- Record extracts:
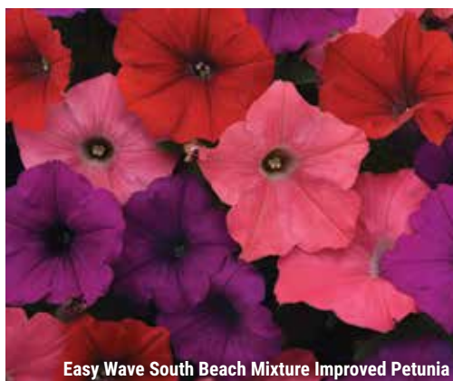
Easy Wave South Beach Mixture Improved Petunia
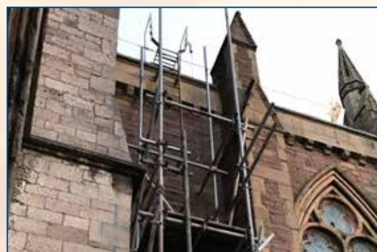
Scaffolding for the roof repairs completed last December.
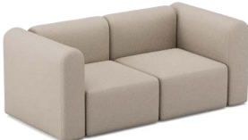
A2H | 194 x 97 cm
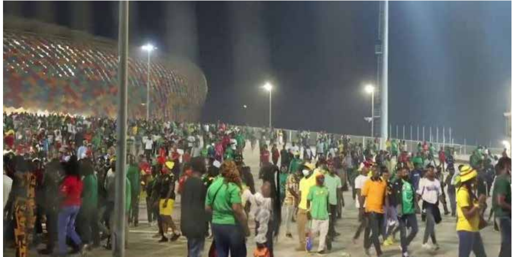
At least eight people, including two children, were killed outside Yaounde Stadium

Two children, aged eight and 14, were among the dead, and seven people were seriously injured in the crush. Caf president Patrice Motsepe visited injured supporters in the hospital and the scene outside the Olembe Stadium on Tuesday, and later said he was "sad
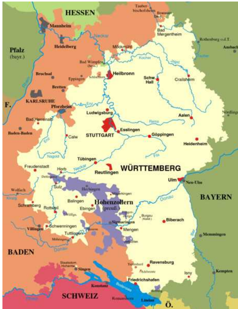
Southern Germany c. 1810 (F. = France, Schweiz = Switzerland, Bayern = Bavaria, Ö = Austria)
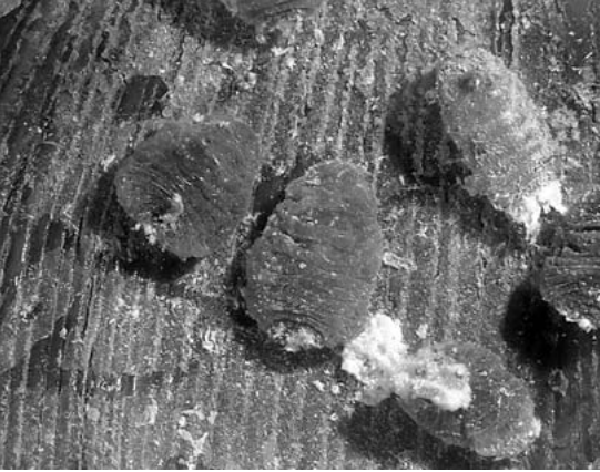
Fig. 2. Palmicultor lumpurensis adults on bamboo.

economic impact of these invasive species for Florida's bamboo is not yet known. Monitoring of populations from each of these invasive species
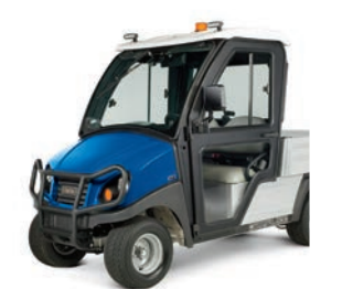
ROPS Cab (Front Hinge Door)
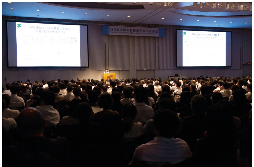
Fig. 2. The main venue for the 61th Annual Meeting of the Japanese Society for Gynecologic Oncology.

Three special lectures were also held. The first special speaker, Prof. Nicoletta Colombo, gave a clear exposition of the SOLO1 trial [1]. In SOLO1, patients with advanced-stage BRCA -mutated ovarian cancer—with a complete or partial response to platinum-based
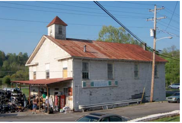
Wonderful historic school house - Potential
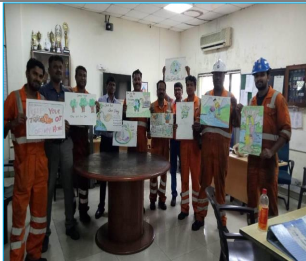
Drawings by the participants
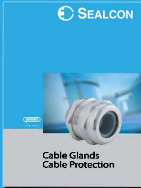
Cable Glands Cable Protection
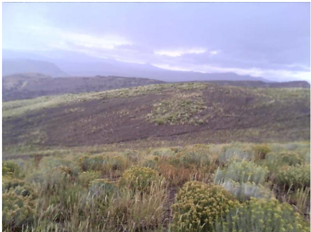
SOUTHEAST SLOPE ABOVE POND

Number of Partial Inspection this Fiscal Year: 2
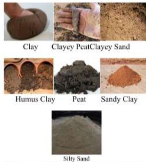
Fig. 2 Images of the collected soil samples

Conventional methods of soil classification included manual methods such as Standard Penetration Test (SPT) [6], Cone Penetration Test (CPT) [7], Pressure Meter Test (PMT) [8], and Vane Shear Test (VST)[9]; while some advanced methods included Constraint Clustering and Classification (CONCC) and Boundary energy method. The most recent method of soil classification is by using image processing with the help of SVM classifier [10]. SVM classifier in image processing extracts the features of image and then labels the detected images into separate classes on the basis of similarity of extracted feature from the test image with its training database.
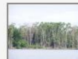
Barr_shore8260049.JPG Mangrove shore south of Barranco
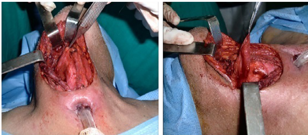
Fig. 2. Intraoperative view: laryngocele dissected as far as its pedicle.

eliminates any predisposing factors, particularly laryngeal cancer, a classical and real association with the laryngocele [1].
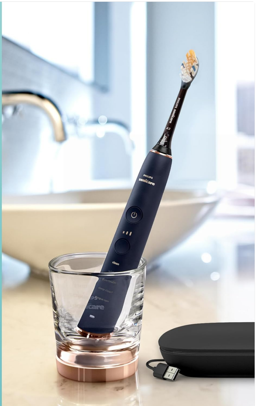
Image: The Philips Sonicare DiamondClean Smart 9700 toothbrush handle charging upright in its specialized glass, with the USB charging travel case positioned next to it, ready for travel.
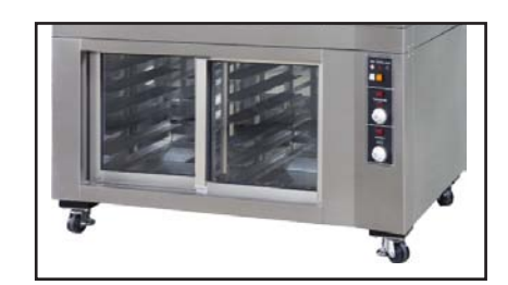
Optional Undercounter Proofer Available UNI-UDOT-PR-4W
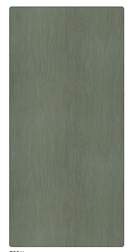
F8911 Green Slate Birchply
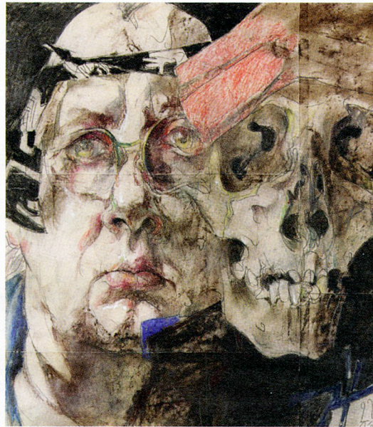
Murakami's first purchase was Horst Janssen's Self Portrait with Skull (1982). The Japanese artist's collection ranges from ink paintings by the 18th-century artist Shohaku to Friedrich Kunath's Starlite Walker (2011)
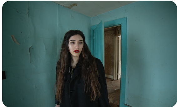
DISCONNECTED SINGLE MUSIC VIDEO
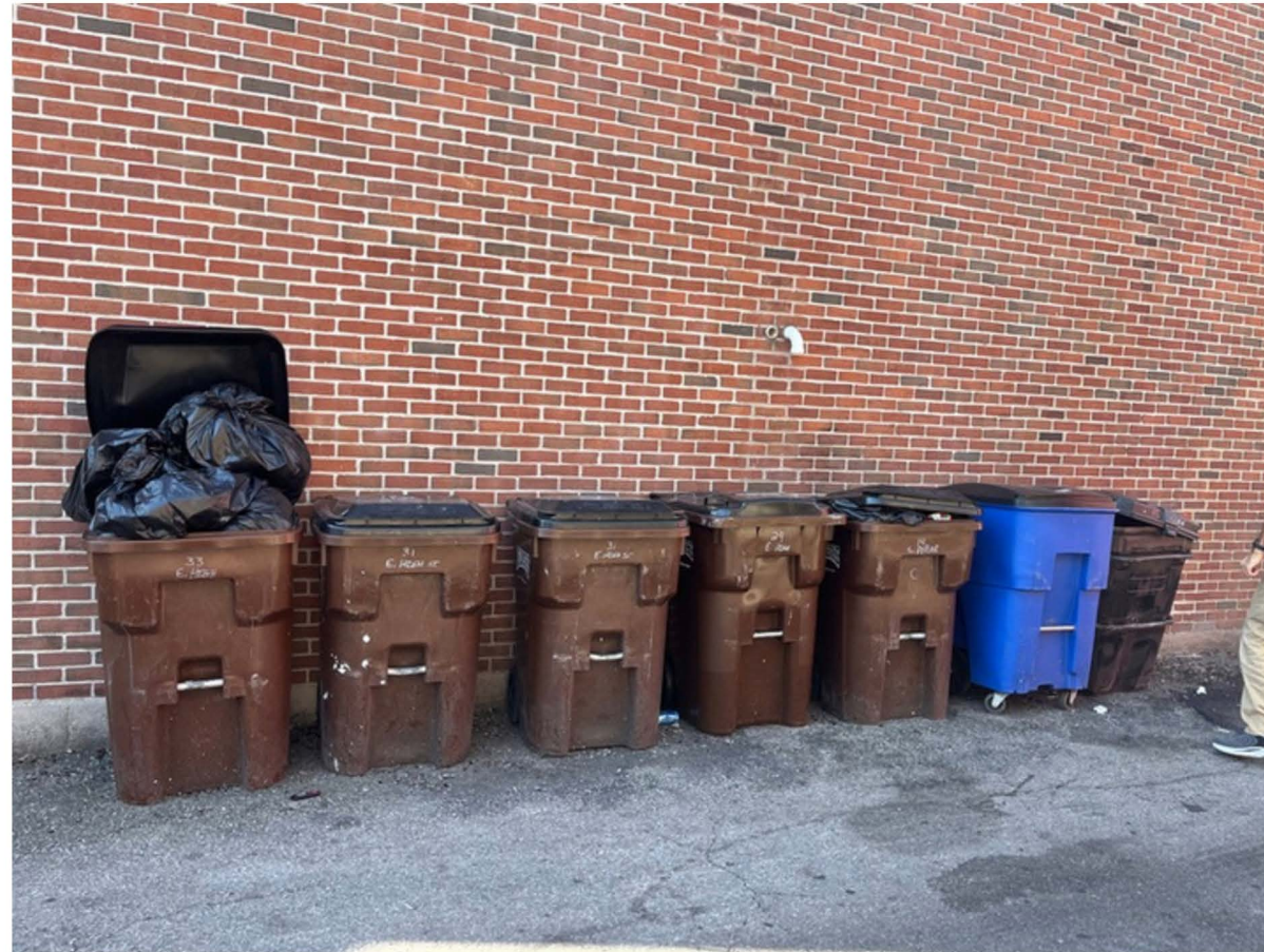
Alley behind CJ's
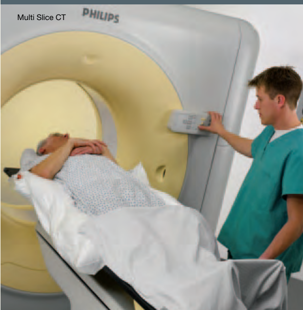
Multi Slice CT
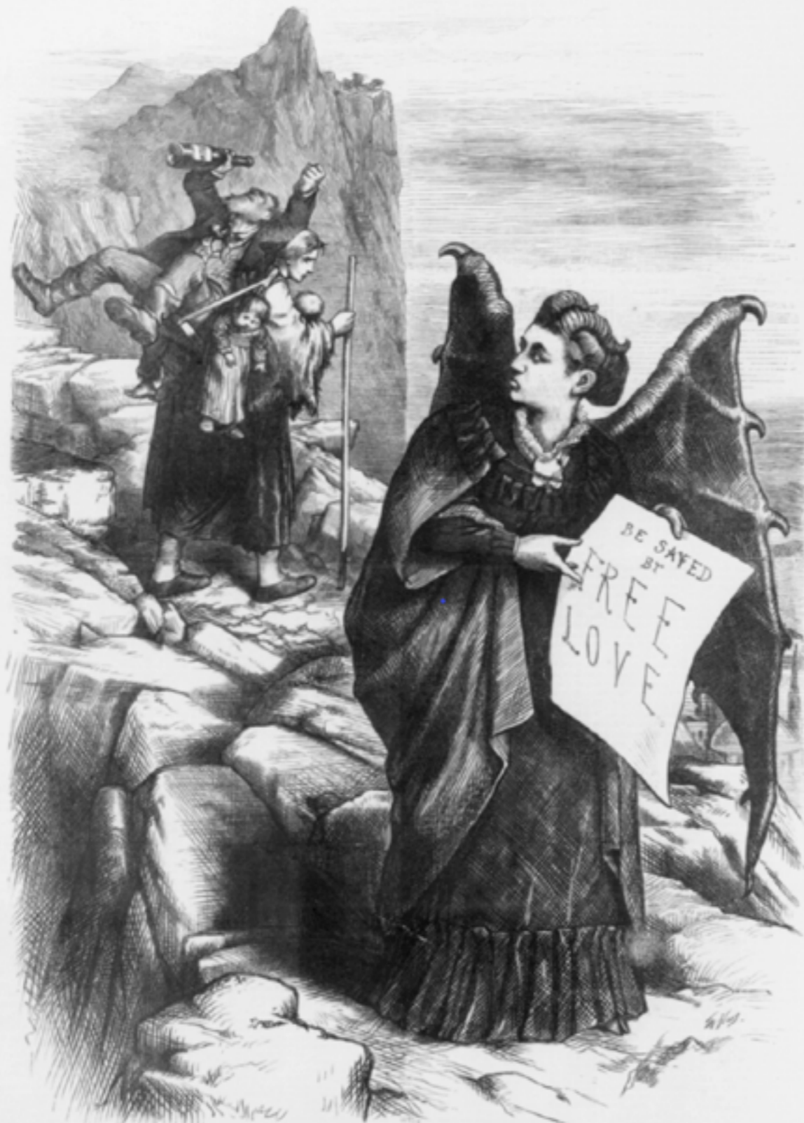
"GET THEE BEHIND ME, (MRS.) SATAN!"—[See Page 145.] Wife (with heavy burden), "I'D RATHER TRAVEL THE HARDEST PATH OF MATRIMONY THAN FOLLOW YOUR FOOTSTEPS."

For a time, Spiritualism was the only way women were allowed to speak in public. Female mediums used this as a way to champion the ideas of women's suffrage, equal rights, and the abolition of slavery, claiming that these weren't their ideas, but rather messages from the "spirit realm." This did not, however, stop the criticism and condemnation of female spiritualists. One such example was Victoria Woodhull, a vocal spiritualist and the first woman to run for president. She was dubbed "Mrs. Satan" for her belief in Spiritualism, suffrage, and the ideas of free love, all of which were seen as a threat to traditional morals.
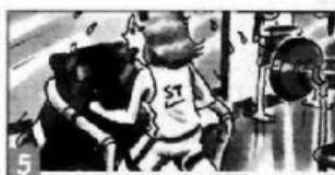
rarely / go to the gym
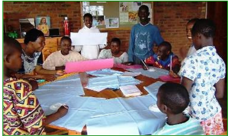
Batik Class in session
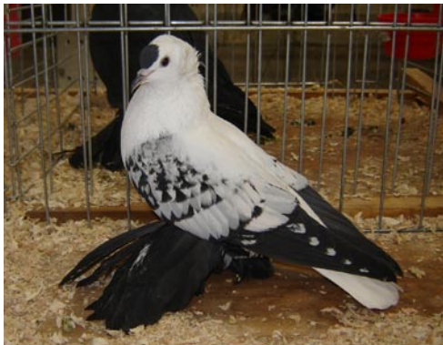
Perry Mueller; S2 Black Spangle
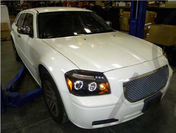
13. The installation is now complete
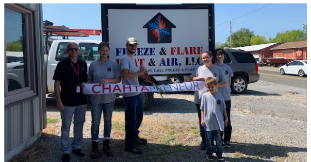
Freeze & Flare Heat & Air, LLC MCALESTER | DISTRICT 11
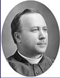
Archbishop Langevin

"All four of our children have attended St. Charles Catholic School from Kindergarten onwards. Our family's faith community, religious education and experiences, and relationships with God have come through the community of St. Charles. We consider ourselves fortunate to have chosen this path through St. Charles for our family and I believe these experiences will have created a solid foundation for the children's faith development for year's to come.
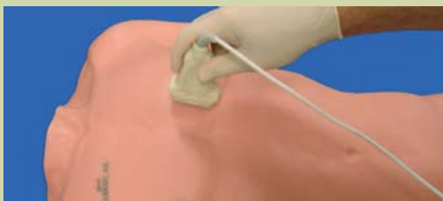
BODY FORM EMBEDDED WITH 258 PROBE LOCATIONS
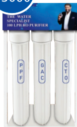
CP 72 50 LPH RO
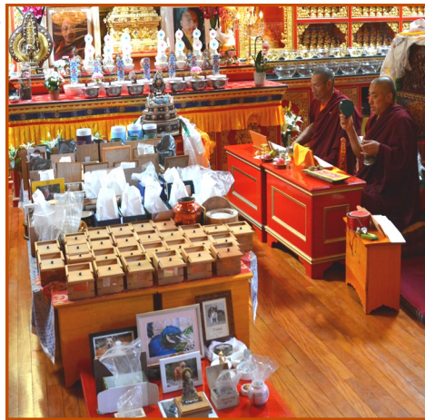
Lamas blessing caskets & tsa-tsa during the 2023 ashes-blessing ceremonies
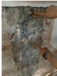
Left: Brick surface inspection

Plastering works to the north side of the building are in progress. Bricks surface preparations at the south side
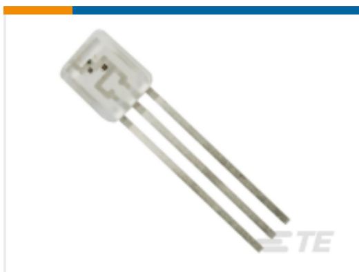
TE Part #20-0584 EMITTER 660/905NM 1 2
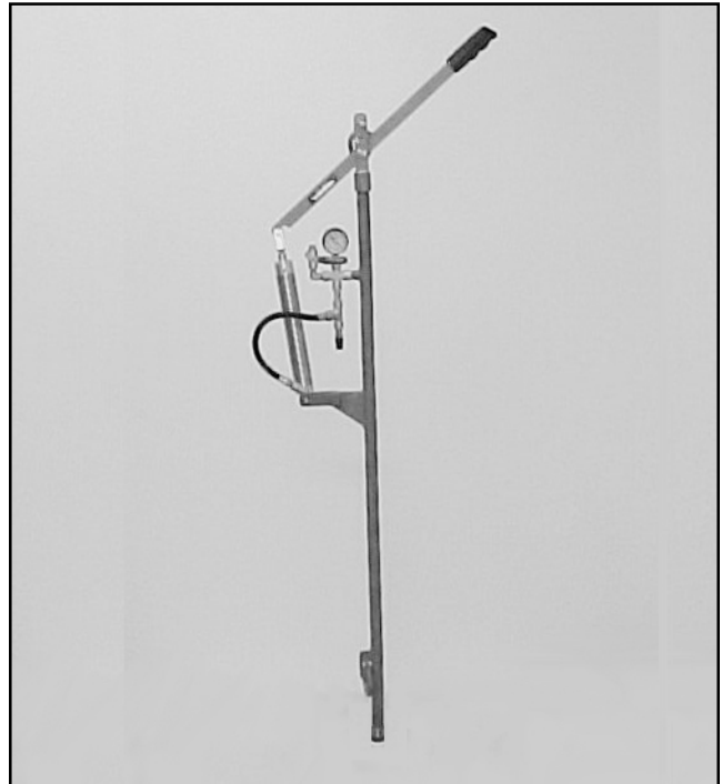
Sphere Removal Tool

FMC Technologies Measurement Solutions Sphere Removal Tools and hardware are manufactured to give the highest quality products available. The vacuum pump will develop 23 inches of mercury vacuum. All pipe fittings, check valves, pump cylinders and pipe sections are made from stainless steel to prevent rust and corrosion. The vacuum gauge is made of galvanized and painted steel.
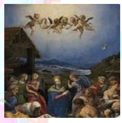
Hark the Herald Angels Sing
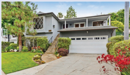
9417 Beverlywood St – $2,049,000 3 Bed / 3 Bath 2,754 Sq. Ft., 8,212 Sq. Ft. Lot
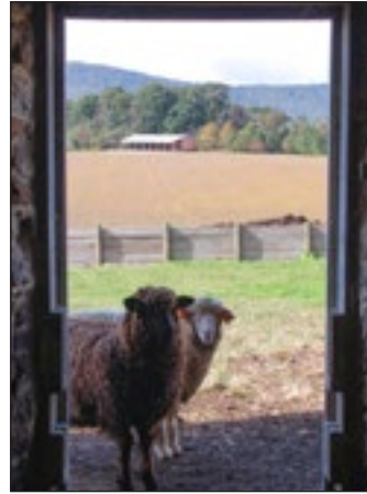
VISITORS TO SHEPHERD'S HEY ENJOYED THE SHEEP FARM AND ENDLESS VIEWS OF THE AGRICULTURAL RESERVE

lunch for purchase, and a pop-up holiday gift shop showcasing the work of county artisans. At Linden Farm, the Montgomery County Planning Department's Historic Preservation staff offered a fascinating tour of an exceptional Rustic Road and the workings of a historic dairy barn located deep in the Agricultural Reserve.
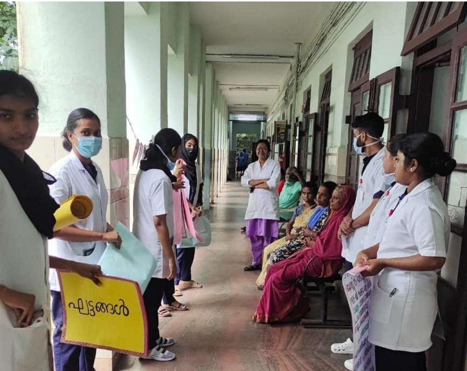
Teacher's day celebrated on September 5.
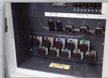
2 | Single-Phase Receptacles 120V - 20A x 2 | 240V - 50A x 3 Optional Dual Row Cam-Loks™ Shown
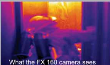
What the FX 160 camera sees

Since it is a technology designed to sense and display heat signatures, the camera provides "sight" in dark and smoke filled environments, which is invaluable in the decision making process. Infrared thermal imaging systems are being integrated into fire control, management and firefighting services throughout the world. Infrared Cameras, Inc. offers solutions that meet and exceed the operational needs of these applications.
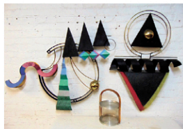
Curtis Jere, Russel Wright
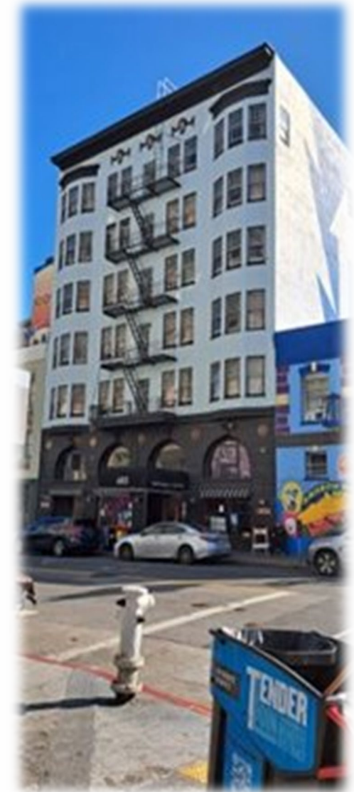
Photo: Exterior of Ellis Semi-Congregate Shelter

- Problem details: Look for the string "surface" in the listing above and copy every line holding it.

- Response for this exercise:
Left: Brick surface inspection
Plastering works to the north side of the building are in progress. Bricks surface preparations at the south side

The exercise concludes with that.